Indie author-friendly freelance editor, children's book blogger for picture books through YA, kid lit, SF/fantasy lover with special fondness for middle grade, pun-loving SCBWI member, meter-maid for poetry and rhyming picture books.


  1. Very helpful post. Thanks.

  2. Great post! I can’t agree enough that indies need to seek out editorial help – in the form of critiques from fellow writers, as well as paid professional help. However, I’m not a fan of anyone/group/organization that tries to put their “seal of approval” on any indie works, no matter how well intentioned. To me, it mis-understands the power of indie publishing (what many see as it’s weakness, and to be fair, it is that as well – just like any superpower!): the fact that anyone without gatekeepers can publish. Many people have many reasons for publishing (not everyone is doing it as a career writer), and I love the freedom that people now have to share their novellas, poetry, short stories, and yes, novels, with anyone that cares to read it. For the career novelist, there is only one “seal of approval” that matters: that of readers. If you produce something that people want to read … they will. And given the notoriously subjective nature of “quality” in writing, I think freedom is the perfect antidote.

    Sorry for the epic-comment! Off to read your links…

  3. Sheri – WLC is NOT the group I was talking about. Until your comment I wasn’t even aware they were considering it. There has been a lot of discussion online and there are a couple of groups that have proposed this. My post states my opinion pretty clearly so I’ll leave it to say that Susan and I agree completely.

  4. Thanks, Susan, that means a lot coming from my favorite author. If anyone hasn’t read Susan’s books, you should know they meet professional editing standards and the stories are excellent. In fact, I posted on a number of book blogger sites last year that I liked Open Minds better than Hunger Games. It was my favorite book last year.

    With that said, WLC’s award, as a readers’ recommendation for books, can’t function as gatekeeping for publishing an indie book. The authors have to publish before WLC readers even get to see their books. If enough WLC readers like a given book, as a group, I doubt it will have any more effect than the same number of “likes” on Amazon. Although it might boost sales for recommended books, I can’t see it stifling the sales of others.

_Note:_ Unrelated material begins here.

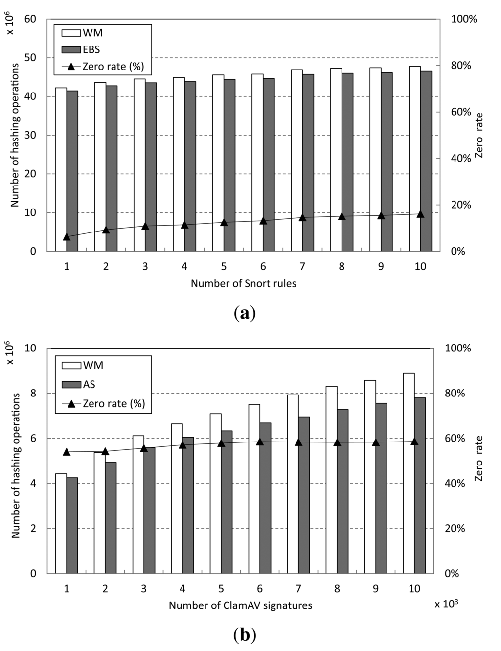 From the figure, we can see that AS has fewer hashing operations than WM. This is because of the larger number of characters that can be skipped in AS than in WM. As the zero rate increases, the number of skipped characters in AS grows. That is, the performance of AS improves in proportion to the zero rate. For the Snort pattern set, AS shows fewer hashing operations than WM, as shown in Figure 11a. On the other hand, a large number of hashing operations can be reduced by AS compared with WM for matching the ClamAV signatures, as shown in Figure 11b. This is because the zero rate for ClamAV is more than 50% and, thus, much higher than that for Snort.

    Glad to see you here, Kathy. Sorry for concluding that you were talking about WLC. The timing fit so well, though. Would you mind sharing what other groups or authors are considering vetting indie books? I would like to investigate the terms. If any indie group (publishers excepted because they have to make money)or individual posed a danger to indie authors getting published, that would ruin indies’ freedom. Trying to convince indies to edit is a good thing. Forcing any sort of requirements for publishing as indies would not be good. And thanks for bringing the whole issue to my attention.

  5. For some reason, Blogger isn’t letting Melissa post comments so I’m posting what she just sent me by email:

    “Hi Sher, I wanted to drop a note to clarify what WLC’s intentions for the Reader Seal is. Susan stated, “there is only one “seal of approval” that matters: that of readers,” and she’s right – that’s exactly what our seal is. Readers are qualifying the value of the books. We are not gatekeepers. Even poorly written books can have awesome marketing and sell tons of books–that’s why indies get a bad rep. Our Seal is not about indies or traditionally published authors – it’s not about how an author publishes — it’s about putting forth strong writing that is structurally and editorially sound. Readers shouldn’t have to take chances – they deserve well-written, structurally sound books.”

    My apologies in behalf of myself and Blogger, Melissa. And thanks!

  6. Sheryl, Thanks for telling us about the WLC and for the other informative links. I have a feeling I’ll be adding a few more blogs to my RSS feed.